Work task -> Every line from the top of the records through the line containing "VESS Mesh Comb, Made" should be retyped exactly; the pictures should not.

[Stored dataset items]
----
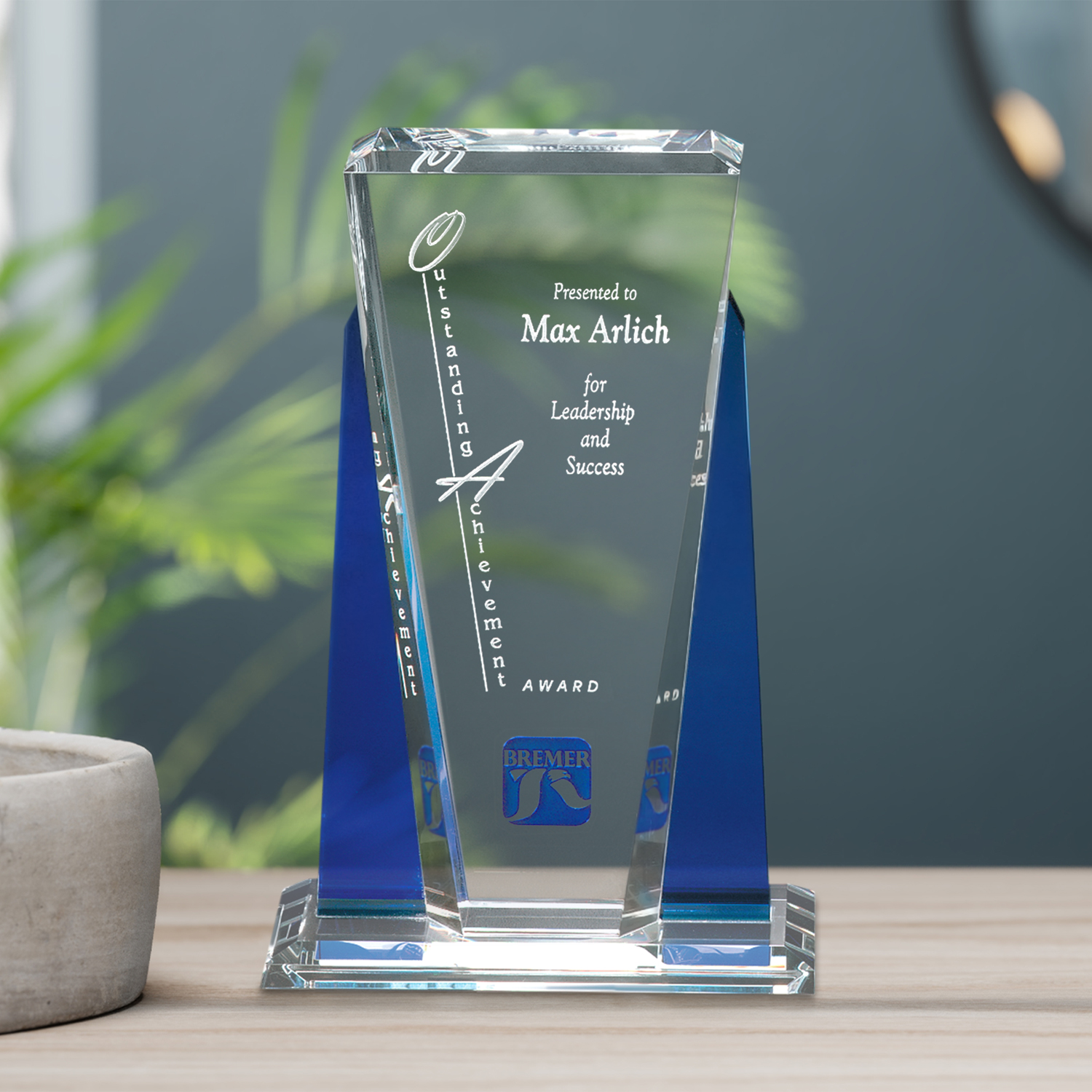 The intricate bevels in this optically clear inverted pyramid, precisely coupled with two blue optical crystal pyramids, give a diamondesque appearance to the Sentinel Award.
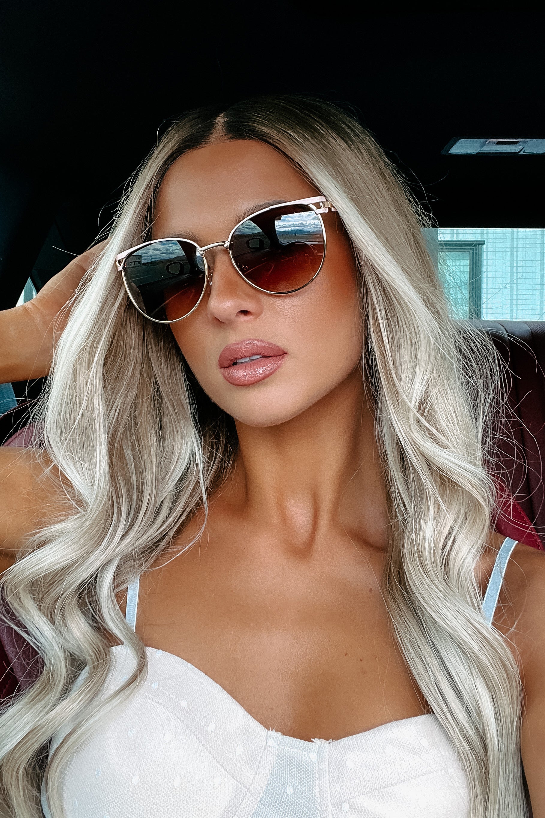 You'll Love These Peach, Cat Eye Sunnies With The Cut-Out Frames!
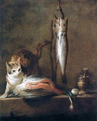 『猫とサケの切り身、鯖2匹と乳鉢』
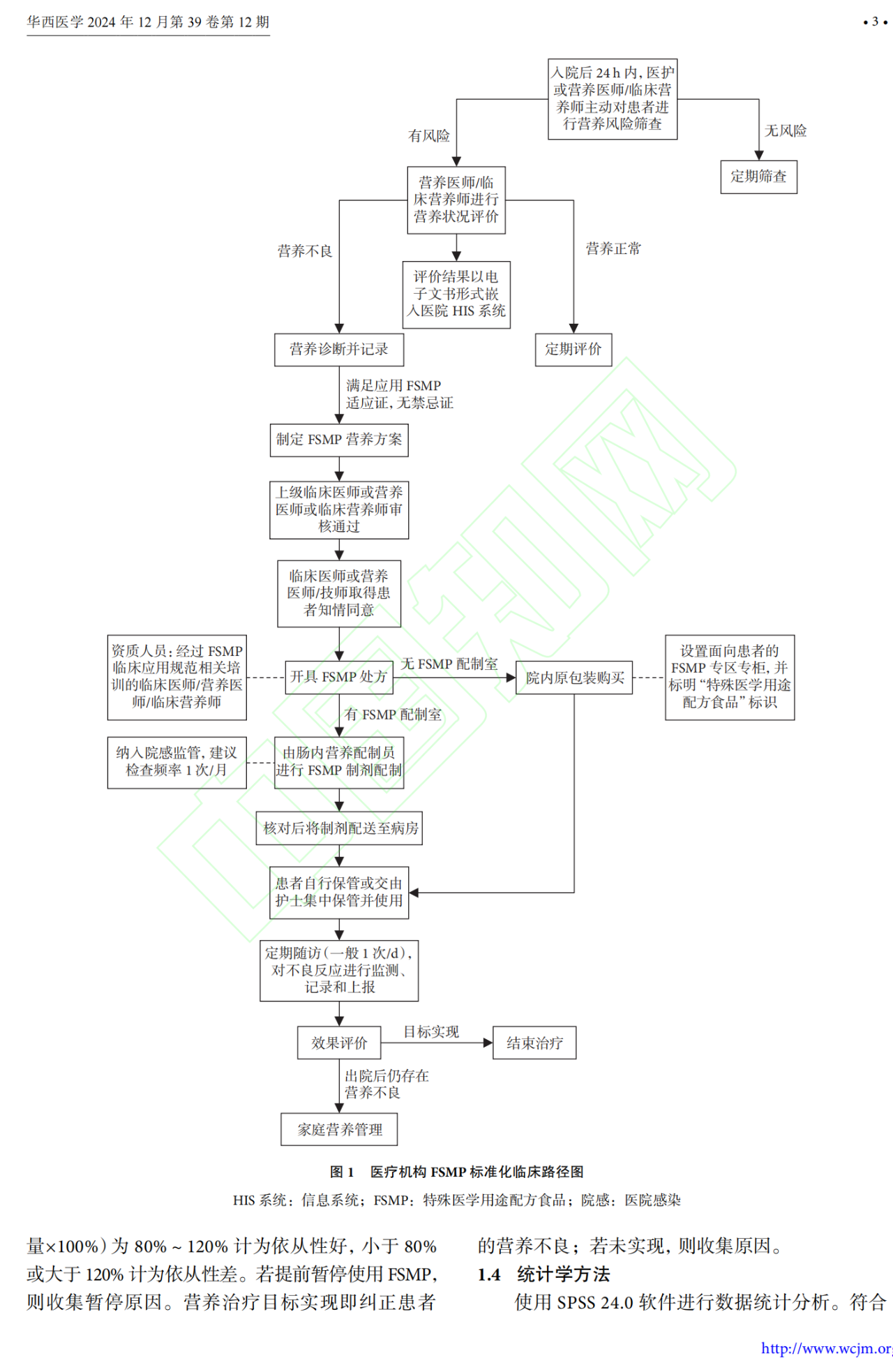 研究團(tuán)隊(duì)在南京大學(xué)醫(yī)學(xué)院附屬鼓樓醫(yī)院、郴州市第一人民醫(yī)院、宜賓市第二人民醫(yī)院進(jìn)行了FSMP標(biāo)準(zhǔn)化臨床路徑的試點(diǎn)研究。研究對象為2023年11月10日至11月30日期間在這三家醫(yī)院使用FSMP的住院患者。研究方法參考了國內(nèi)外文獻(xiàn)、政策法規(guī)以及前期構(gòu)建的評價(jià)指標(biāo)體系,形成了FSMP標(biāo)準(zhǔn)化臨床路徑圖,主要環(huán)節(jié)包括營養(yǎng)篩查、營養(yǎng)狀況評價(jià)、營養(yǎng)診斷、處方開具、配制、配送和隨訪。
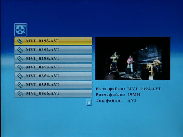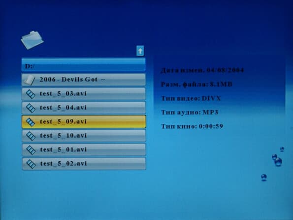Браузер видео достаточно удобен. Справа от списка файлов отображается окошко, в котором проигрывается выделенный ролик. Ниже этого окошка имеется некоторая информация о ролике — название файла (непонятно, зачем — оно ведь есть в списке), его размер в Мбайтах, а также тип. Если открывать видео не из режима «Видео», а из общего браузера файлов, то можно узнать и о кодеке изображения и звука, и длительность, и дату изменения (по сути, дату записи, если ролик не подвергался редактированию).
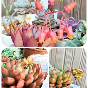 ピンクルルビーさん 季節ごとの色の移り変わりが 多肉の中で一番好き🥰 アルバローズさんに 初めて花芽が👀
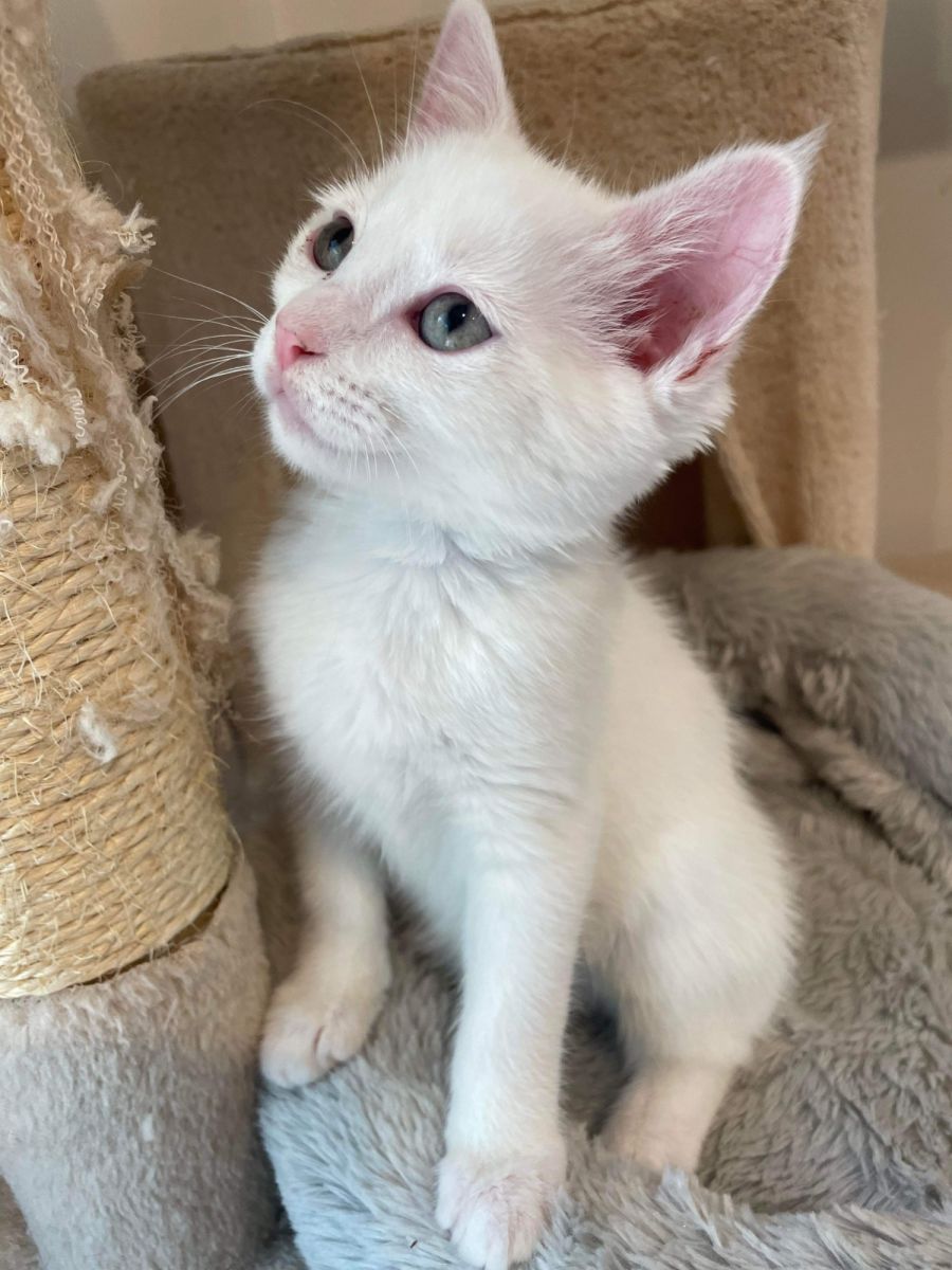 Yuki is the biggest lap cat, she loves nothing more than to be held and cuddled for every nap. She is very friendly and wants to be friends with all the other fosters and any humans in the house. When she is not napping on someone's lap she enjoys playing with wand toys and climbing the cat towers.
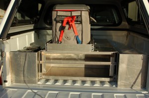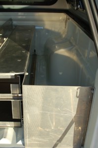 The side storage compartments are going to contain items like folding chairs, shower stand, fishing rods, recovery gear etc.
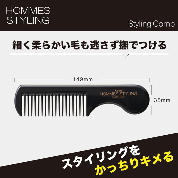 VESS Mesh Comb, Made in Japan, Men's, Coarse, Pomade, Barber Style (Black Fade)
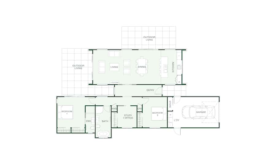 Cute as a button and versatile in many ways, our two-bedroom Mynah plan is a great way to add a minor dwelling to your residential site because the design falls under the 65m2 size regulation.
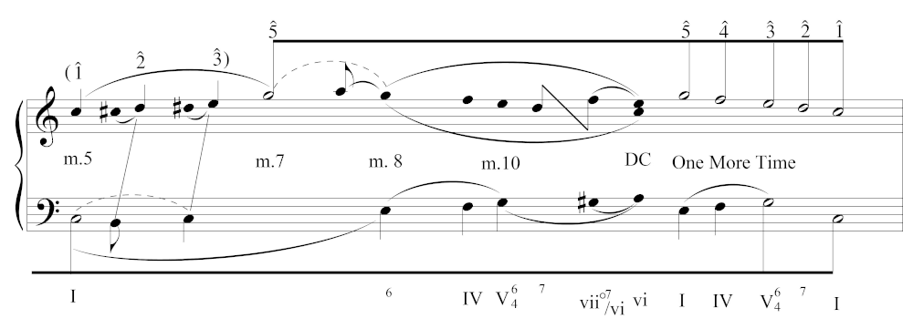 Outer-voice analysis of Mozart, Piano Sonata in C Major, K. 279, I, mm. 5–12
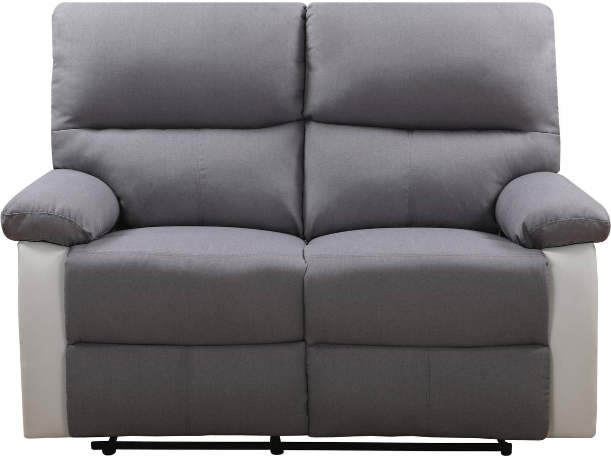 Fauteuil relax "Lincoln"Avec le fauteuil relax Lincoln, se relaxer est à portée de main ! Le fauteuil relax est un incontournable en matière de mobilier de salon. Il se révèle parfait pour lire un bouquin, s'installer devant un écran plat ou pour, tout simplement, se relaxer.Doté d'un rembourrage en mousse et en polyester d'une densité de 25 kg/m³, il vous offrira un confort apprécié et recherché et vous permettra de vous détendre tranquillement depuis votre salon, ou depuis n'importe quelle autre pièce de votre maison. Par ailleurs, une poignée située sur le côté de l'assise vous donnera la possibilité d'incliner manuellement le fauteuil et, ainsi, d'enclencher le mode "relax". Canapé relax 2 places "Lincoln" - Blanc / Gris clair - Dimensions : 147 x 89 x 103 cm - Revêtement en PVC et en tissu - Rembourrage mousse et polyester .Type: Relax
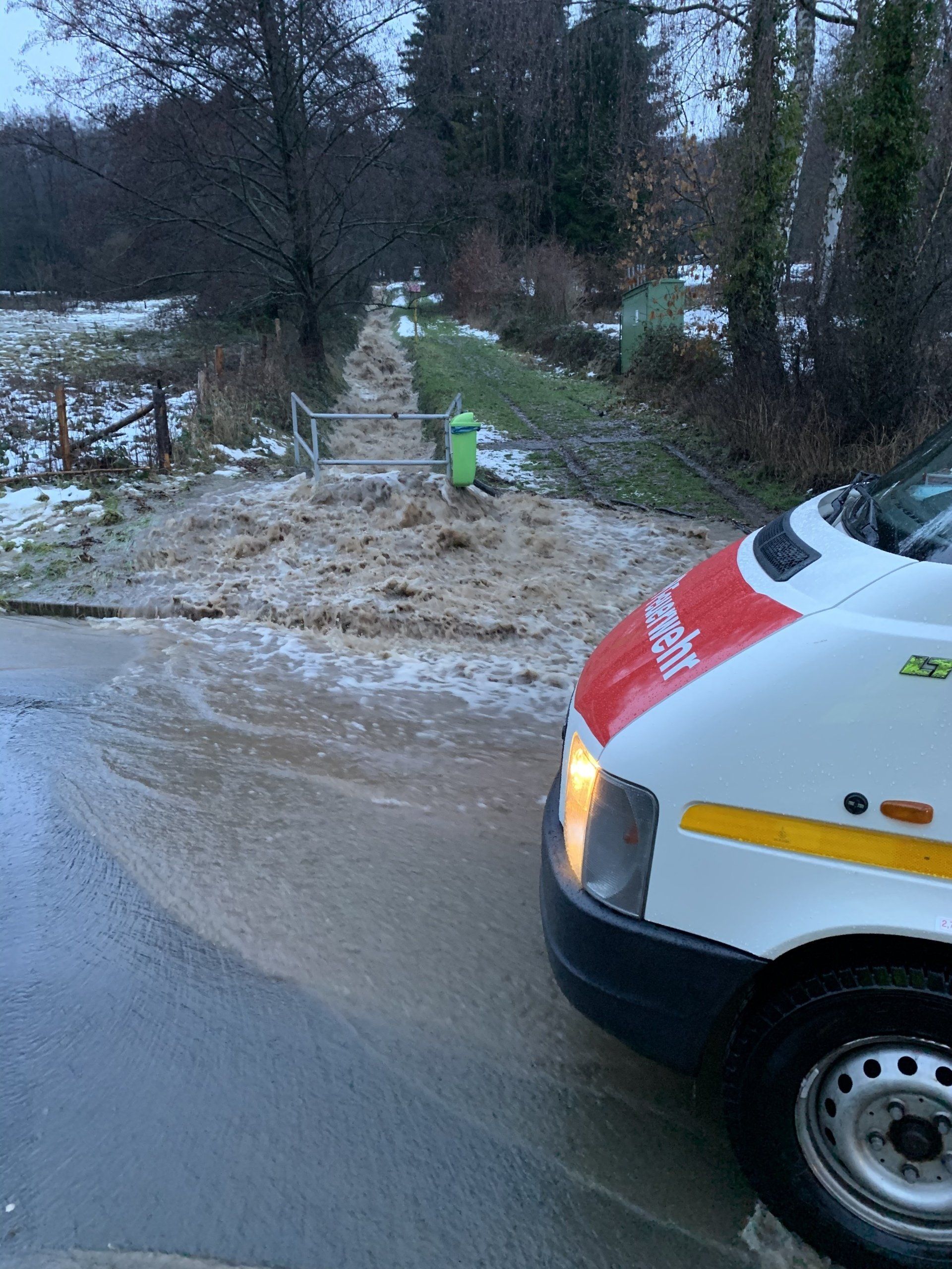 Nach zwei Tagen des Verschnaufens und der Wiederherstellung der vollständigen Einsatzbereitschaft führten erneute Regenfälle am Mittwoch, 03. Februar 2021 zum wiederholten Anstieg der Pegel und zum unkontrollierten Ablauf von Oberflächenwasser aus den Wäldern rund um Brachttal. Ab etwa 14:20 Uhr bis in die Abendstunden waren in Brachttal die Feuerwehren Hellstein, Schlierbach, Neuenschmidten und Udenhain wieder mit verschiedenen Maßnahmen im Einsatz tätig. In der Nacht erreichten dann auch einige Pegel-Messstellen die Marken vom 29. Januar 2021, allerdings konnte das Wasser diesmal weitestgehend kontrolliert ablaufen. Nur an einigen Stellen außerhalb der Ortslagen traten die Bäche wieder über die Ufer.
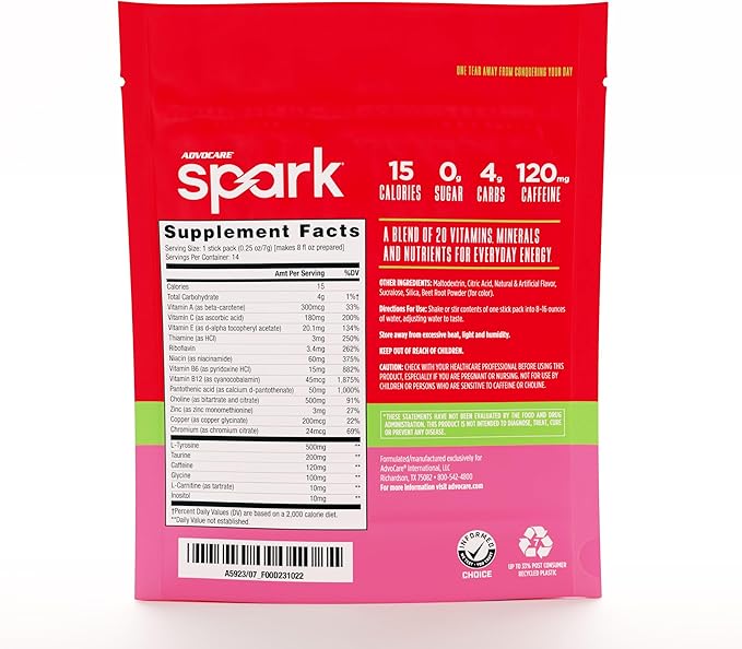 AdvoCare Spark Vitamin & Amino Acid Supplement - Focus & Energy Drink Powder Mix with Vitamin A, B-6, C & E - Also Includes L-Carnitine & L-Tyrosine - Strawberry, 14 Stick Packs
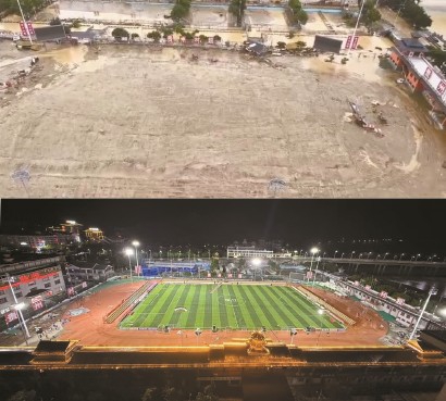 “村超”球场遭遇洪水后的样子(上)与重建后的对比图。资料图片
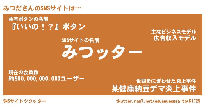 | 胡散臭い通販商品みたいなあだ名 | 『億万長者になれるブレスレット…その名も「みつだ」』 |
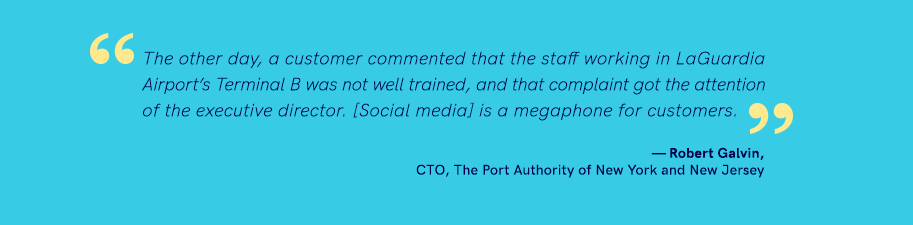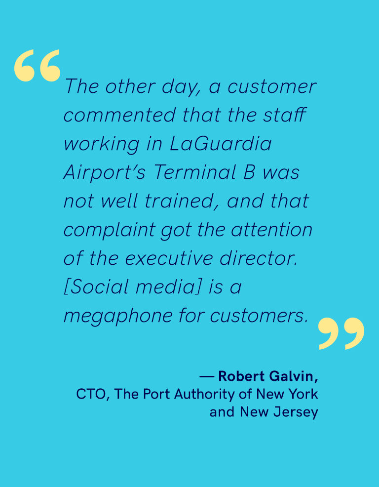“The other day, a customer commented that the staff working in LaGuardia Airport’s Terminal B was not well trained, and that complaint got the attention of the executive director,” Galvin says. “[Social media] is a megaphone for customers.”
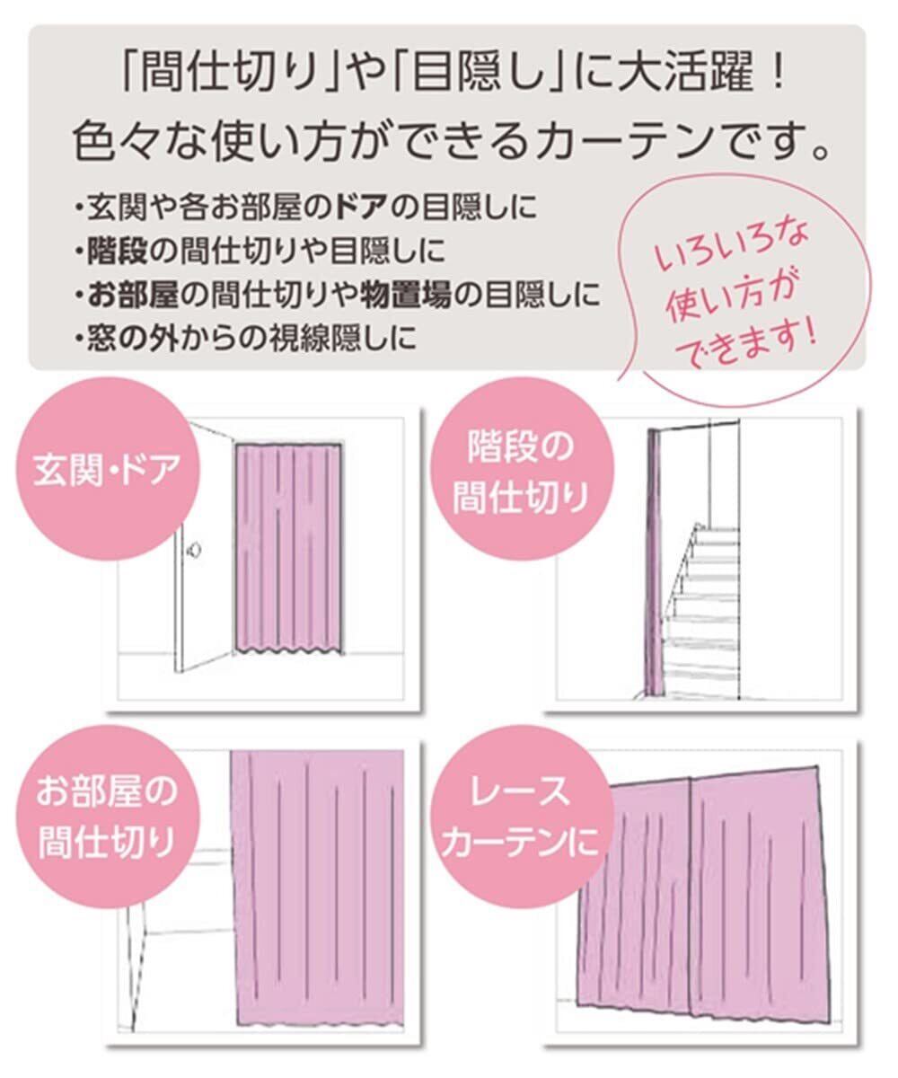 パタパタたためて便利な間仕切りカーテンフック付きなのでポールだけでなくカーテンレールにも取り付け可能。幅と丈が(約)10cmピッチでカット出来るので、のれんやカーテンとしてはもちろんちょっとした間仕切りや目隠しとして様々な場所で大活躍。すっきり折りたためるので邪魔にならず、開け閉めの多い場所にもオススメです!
----
Answer below ->
 The intricate bevels in this optically clear inverted pyramid, precisely coupled with two blue optical crystal pyramids, give a diamondesque appearance to the Sentinel Award.
 You'll Love These Peach, Cat Eye Sunnies With The Cut-Out Frames!
 『猫とサケの切り身、鯖2匹と乳鉢』
 研究團(tuán)隊(duì)在南京大學(xué)醫(yī)學(xué)院附屬鼓樓醫(yī)院、郴州市第一人民醫(yī)院、宜賓市第二人民醫(yī)院進(jìn)行了FSMP標(biāo)準(zhǔn)化臨床路徑的試點(diǎn)研究。研究對象為2023年11月10日至11月30日期間在這三家醫(yī)院使用FSMP的住院患者。研究方法參考了國內(nèi)外文獻(xiàn)、政策法規(guī)以及前期構(gòu)建的評價(jià)指標(biāo)體系,形成了FSMP標(biāo)準(zhǔn)化臨床路徑圖,主要環(huán)節(jié)包括營養(yǎng)篩查、營養(yǎng)狀況評價(jià)、營養(yǎng)診斷、處方開具、配制、配送和隨訪。
Браузер видео достаточно удобен. Справа от списка файлов отображается окошко, в котором проигрывается выделенный ролик. Ниже этого окошка имеется некоторая информация о ролике — название файла (непонятно, зачем — оно ведь есть в списке), его размер в Мбайтах, а также тип. Если открывать видео не из режима «Видео», а из общего браузера файлов, то можно узнать и о кодеке изображения и звука, и длительность, и дату изменения (по сути, дату записи, если ролик не подвергался редактированию).
 ピンクルルビーさん 季節ごとの色の移り変わりが 多肉の中で一番好き🥰 アルバローズさんに 初めて花芽が👀
 Yuki is the biggest lap cat, she loves nothing more than to be held and cuddled for every nap. She is very friendly and wants to be friends with all the other fosters and any humans in the house. When she is not napping on someone's lap she enjoys playing with wand toys and climbing the cat towers.
 The side storage compartments are going to contain items like folding chairs, shower stand, fishing rods, recovery gear etc.
 VESS Mesh Comb, Made in Japan, Men's, Coarse, Pomade, Barber Style (Black Fade)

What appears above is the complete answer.